Signed-off-by: Ahmad Fatoum <a.fatoum@pengutronix.de>
---
v1 -> v2:
  - replace wrong 11 bit right shift with more descriptive and correct
    division by SZ_1M (Sascha)
---
 drivers/mci/mci-core.c | 105 ++++++++++++++++++++++++++---------------
 include/mci.h          |   1 +
 2 files changed, 69 insertions(+), 37 deletions(-)

diff --git a/drivers/mci/mci-core.c b/drivers/mci/mci-core.c
index 7ec2643b8d7f..13306d78dcfe 100644
--- a/drivers/mci/mci-core.c
+++ b/drivers/mci/mci-core.c
@@ -1774,6 +1774,70 @@ static int mci_startup_mmc(struct mci *mci)

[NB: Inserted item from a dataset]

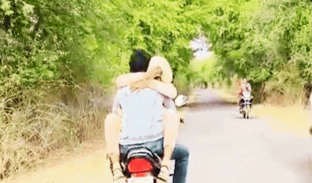 वीडियो जरुआखेड़ा–जलंधर रोड का है, जहां किसी ने अतरंगी जोड़े को अजीबोगरीब मुद्रा में बाइक राइड करते हुए कैमरे में कैद कर लिया. वीडियो में देखा जा सकता है कि युवक ने युवती को आगे उल्टा बैठाकर बाइक चला रहा है. युवती ने अपना मुंह कपड़े से ढक रखा है, जिससे उसकी पहचान सार्वजनिक हो सके.

 	return ret >= MMC_BUS_WIDTH_1 ? 0 : ret;
 }
 
+static void mci_init_erase(struct mci *card)
+{
+	if (!IS_ENABLED(CONFIG_MCI_ERASE))
+		return;
+
+	/* TODO: While it's possible to clear many erase groups at once
+	 * and it greatly improves throughput, drivers need adjustment:
+	 *
+	 * Many drivers hardcode a maximal wait time before aborting
+	 * the wait for R1b and returning -ETIMEDOUT. With long
+	 * erases/trims, we are bound to run into this timeout, so for now
+	 * we just split into sufficiently small erases that are unlikely
+	 * to trigger the timeout.
+	 *
+	 * What Linux does and what we should be doing in barebox is:
+	 *
+	 *  - add a struct mci_cmd::busy_timeout member that drivers should
+	 *    use instead of hardcoding their own timeout delay. The busy
+	 *    timeout length can be calculated by the MCI core after
+	 *    consulting the appropriate CSD/EXT_CSD/SSR registers.
+	 *
+	 *  - add a struct mci_host::max_busy_timeout member, where drivers
+	 *    can indicate the maximum timeout they are able to support.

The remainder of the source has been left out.